====== Given material ======

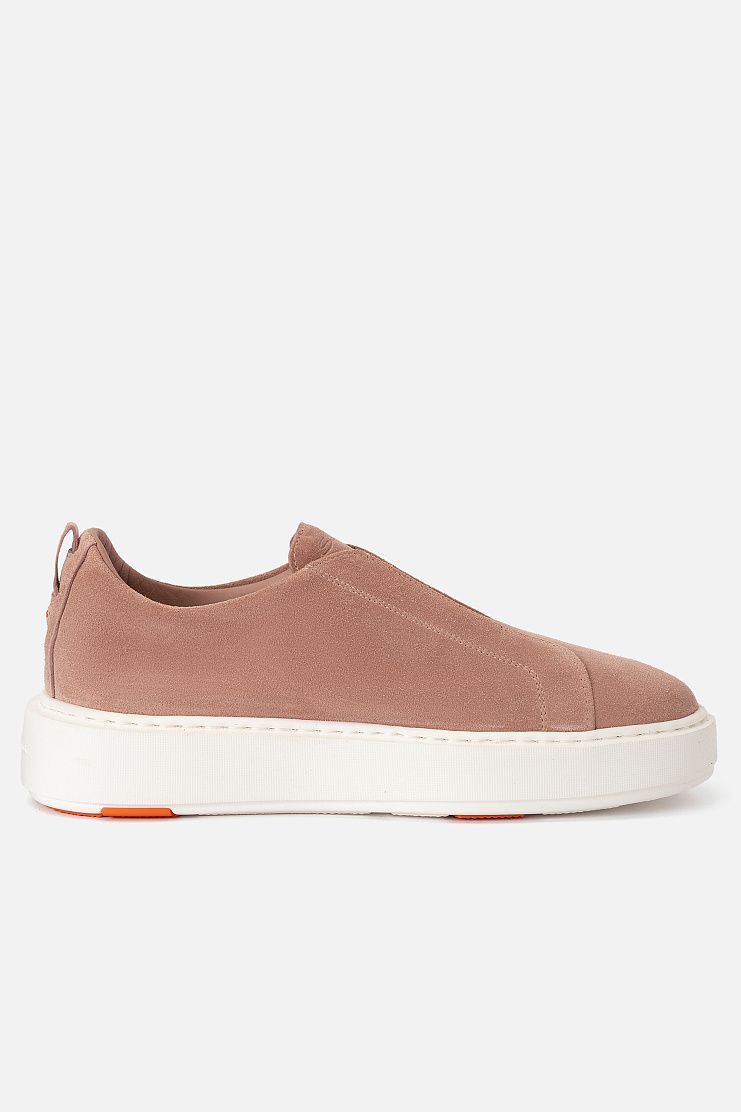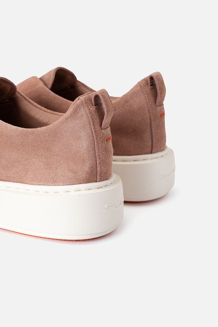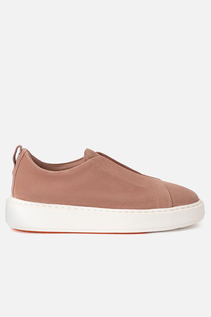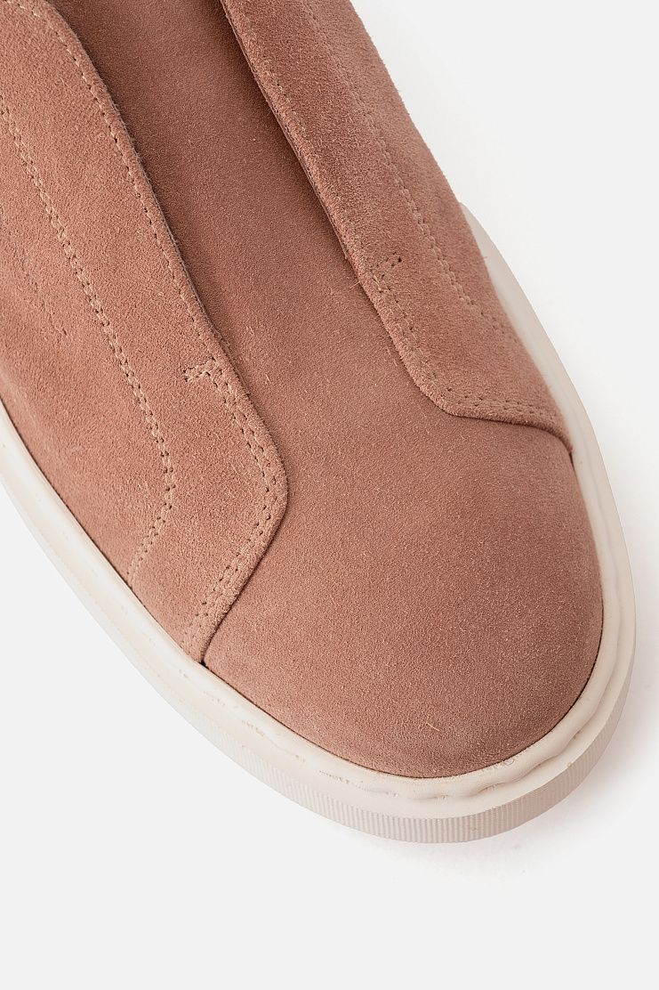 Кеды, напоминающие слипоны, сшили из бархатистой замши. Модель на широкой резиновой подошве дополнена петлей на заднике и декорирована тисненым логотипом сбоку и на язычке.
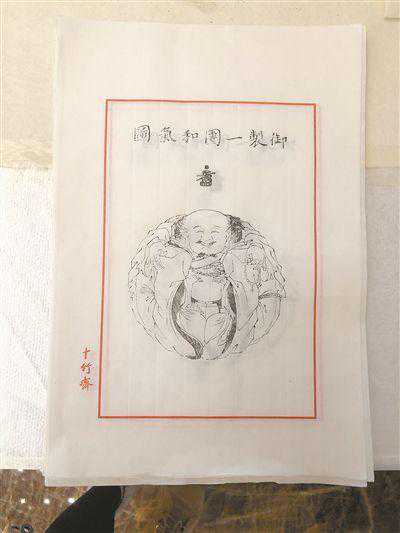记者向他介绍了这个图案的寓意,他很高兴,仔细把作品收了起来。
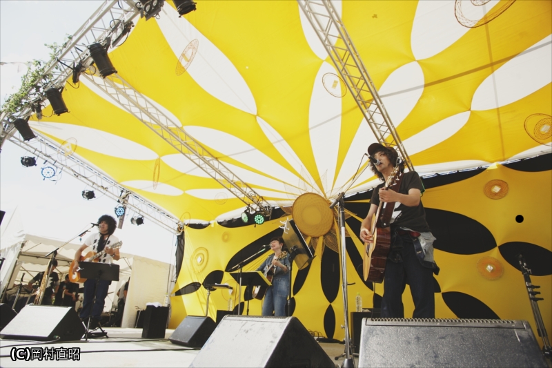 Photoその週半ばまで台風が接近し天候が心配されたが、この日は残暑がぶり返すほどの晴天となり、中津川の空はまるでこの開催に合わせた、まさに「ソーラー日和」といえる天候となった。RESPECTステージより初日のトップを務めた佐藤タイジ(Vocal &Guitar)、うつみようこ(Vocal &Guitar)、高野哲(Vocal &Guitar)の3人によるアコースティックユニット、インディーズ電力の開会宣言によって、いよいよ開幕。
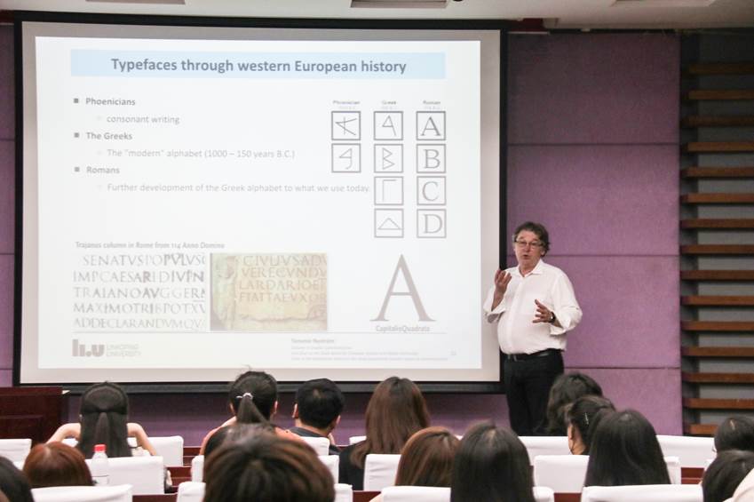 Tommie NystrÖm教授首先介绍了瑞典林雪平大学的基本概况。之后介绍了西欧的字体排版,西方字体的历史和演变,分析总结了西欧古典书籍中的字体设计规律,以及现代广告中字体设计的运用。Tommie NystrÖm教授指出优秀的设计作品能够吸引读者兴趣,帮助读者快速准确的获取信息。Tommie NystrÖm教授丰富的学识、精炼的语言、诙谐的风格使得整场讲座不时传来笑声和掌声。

======

Action item: I would like the data above transcribed exactly, with its pictures left out.

Solution:
 Кеды, напоминающие слипоны, сшили из бархатистой замши. Модель на широкой резиновой подошве дополнена петлей на заднике и декорирована тисненым логотипом сбоку и на язычке.
记者向他介绍了这个图案的寓意,他很高兴,仔细把作品收了起来。
 Photoその週半ばまで台風が接近し天候が心配されたが、この日は残暑がぶり返すほどの晴天となり、中津川の空はまるでこの開催に合わせた、まさに「ソーラー日和」といえる天候となった。RESPECTステージより初日のトップを務めた佐藤タイジ(Vocal &Guitar)、うつみようこ(Vocal &Guitar)、高野哲(Vocal &Guitar)の3人によるアコースティックユニット、インディーズ電力の開会宣言によって、いよいよ開幕。
 Tommie NystrÖm教授首先介绍了瑞典林雪平大学的基本概况。之后介绍了西欧的字体排版,西方字体的历史和演变,分析总结了西欧古典书籍中的字体设计规律,以及现代广告中字体设计的运用。Tommie NystrÖm教授指出优秀的设计作品能够吸引读者兴趣,帮助读者快速准确的获取信息。Tommie NystrÖm教授丰富的学识、精炼的语言、诙谐的风格使得整场讲座不时传来笑声和掌声。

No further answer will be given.